# ASSIGNMENT:
Word for word, restate the listing; omit the pictures.

# DATA PROVIDED:

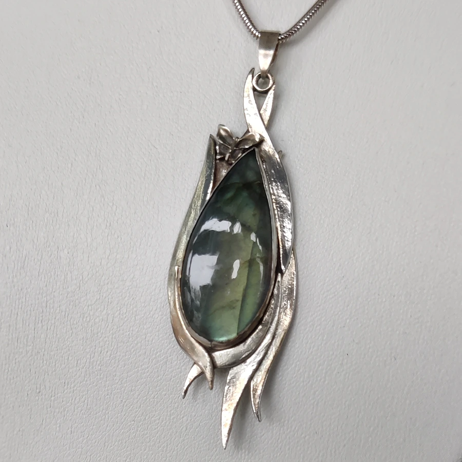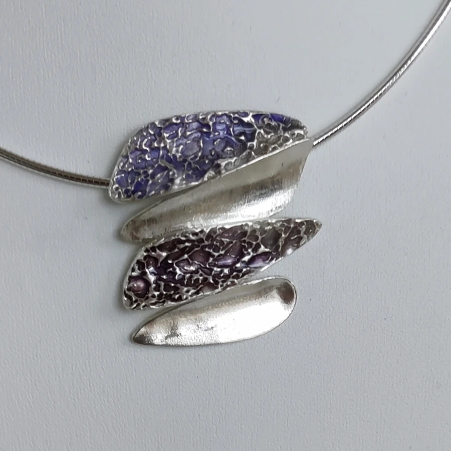 Zilverklei is gerecycled zilver, afkomstig uit onder andere oude printplaten en batterijen. Het materiaal biedt volop mogelijkheden om te werken met vloeiende lijnen en organische vormen — een stijl die kenmerkend is voor haar werk. De natuur van het eiland waar zij is opgegroeid, komt dan ook vaak terug in subtiele details.
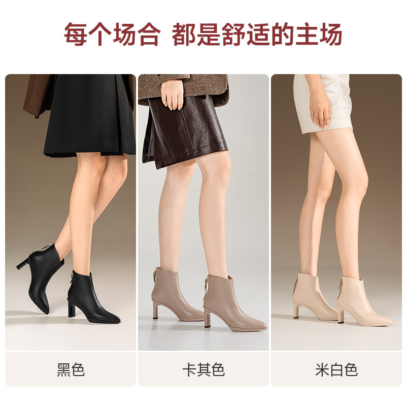 吴大叔红云鞋高跟靴子2025秋冬季新款百搭尖头女靴通勤舒适时装靴
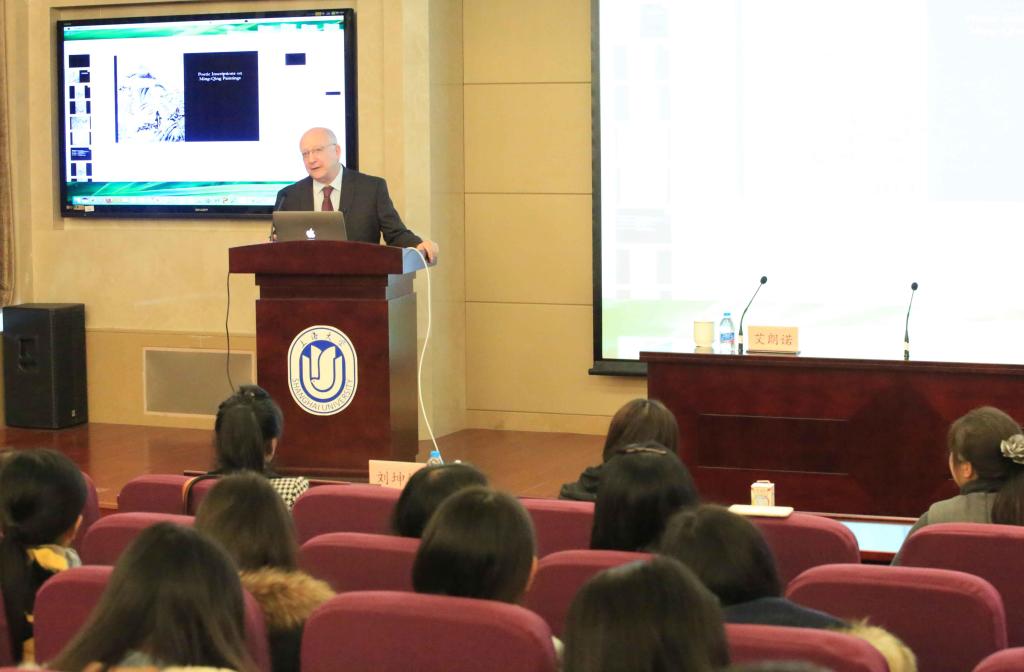 艾朗洛教授的讲座首先对自己的研究方向进行界定,指出明清画家通常会在自己的画作上题诗,这种诗并不包括后来收藏家与鉴赏家的题作,进而探讨画家的题诗与图画本身的交互关系,讲述了三个部分的内容:画家在创作时题自己的诗、画家在创作时题别人(历代名家)的诗、以王时敏、石涛“杜甫诗意图”为中心的比较研究。艾教授以饱含激情的讲演揭示了明清时期题画诗的深刻内涵,细腻地挖掘了诗与画结合的审美特质,给听众带来诗情画意的美感体验。

# ANSWER FOR THE TASK:
 Zilverklei is gerecycled zilver, afkomstig uit onder andere oude printplaten en batterijen. Het materiaal biedt volop mogelijkheden om te werken met vloeiende lijnen en organische vormen — een stijl die kenmerkend is voor haar werk. De natuur van het eiland waar zij is opgegroeid, komt dan ook vaak terug in subtiele details.
 吴大叔红云鞋高跟靴子2025秋冬季新款百搭尖头女靴通勤舒适时装靴
 艾朗洛教授的讲座首先对自己的研究方向进行界定,指出明清画家通常会在自己的画作上题诗,这种诗并不包括后来收藏家与鉴赏家的题作,进而探讨画家的题诗与图画本身的交互关系,讲述了三个部分的内容:画家在创作时题自己的诗、画家在创作时题别人(历代名家)的诗、以王时敏、石涛“杜甫诗意图”为中心的比较研究。艾教授以饱含激情的讲演揭示了明清时期题画诗的深刻内涵,细腻地挖掘了诗与画结合的审美特质,给听众带来诗情画意的美感体验。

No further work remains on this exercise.